If I had known that this 2026 rewrite of Crimp's 1996 and 2009 adaptations would centre around a social media misinformation scandal, I might have groaned. Not because the information crisis isn't the most pressing matter of the current moment, but for how much TV, film, and theatre, now spends preaching on this very point. This is where this iteration of The Misanthrope stands out, by climbing down from the pulpit. Alceste is now Alice (Oh), a successful woman author from America. Her confidant, John (Chahidi), in place of Philinte, is now a playwright who, by his own admission, writes "so-so" plays for mainstream audiences.
Too much talk of this production has made comparisons to Crimp's highly-regarded adaptation of Cyrano de Bergerac. This is not a stripped-back modern retelling; Robert Jones's set is a series of sumptuous true-to-today living rooms, that also draw a line directly from the 17th-century opulence Molière might have had a hand in making for Louis XIV, working for his father. Comparisons to Cyrano are as frustrating and unhelpful as those that dogged Suzie Miller last year between Inter Alia and Prima Facie; once you exclude that both protagonists are women working in law it's noticeably reductive to try to tie them together.

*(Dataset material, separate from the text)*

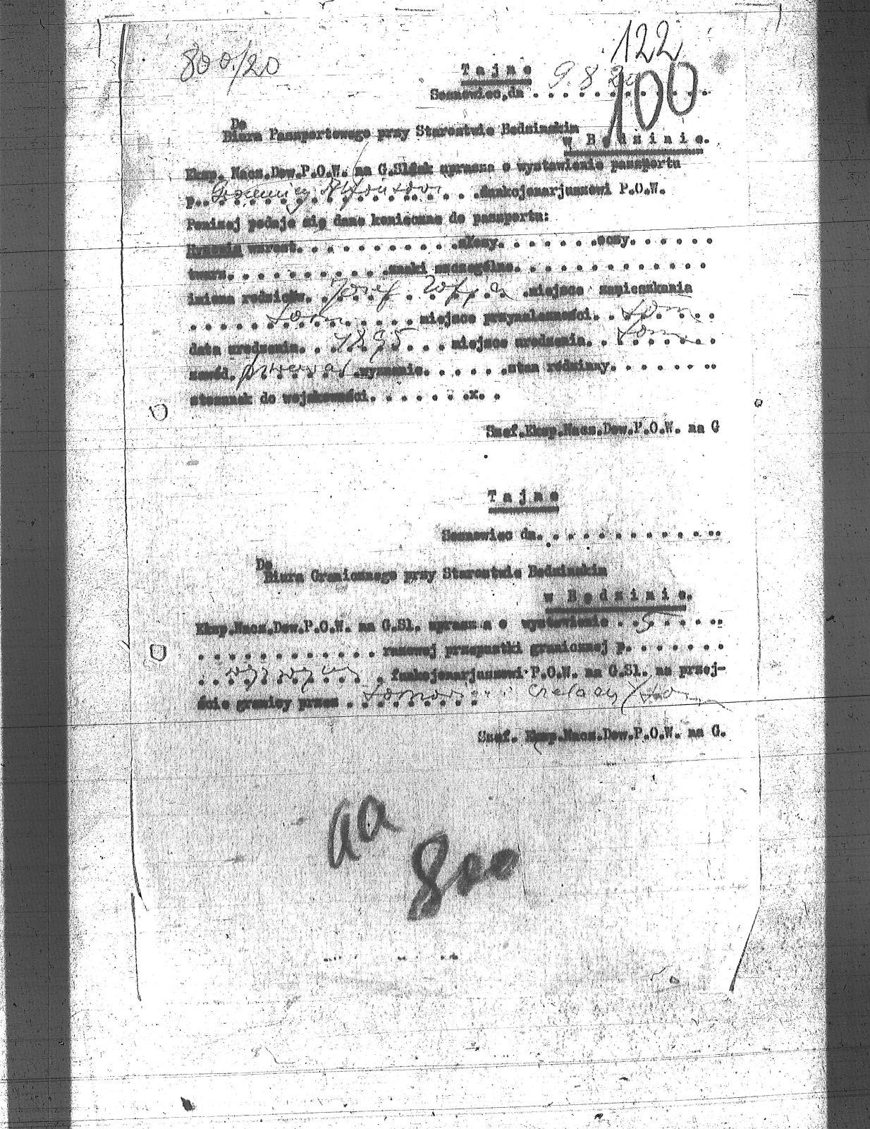 | Tytuł teczki | [Naczelne Dowództwo POW na Górnym Śląsku - protokoły, korespondencja, legitymacje, przepustki i upoważnienia] |

The 2026 production of The Misanthrope should be viewed with fresh eyes and out of the context of the writer's past (re)writing. Although it was director Indhu Rubasingham's suggestion to rewrite Alceste as a woman, Crimp admits, in the accompanying book, that his perspective on whether Molière was placing himself into the play was already evolving since his 2009 script. This adaptation runs deeper than it might be given credit for. It could be argued that Oh's character is now much closer to the genuine outsider that Molière - on account of his position serving high society - could never claim to be, and therefore Alceste never was.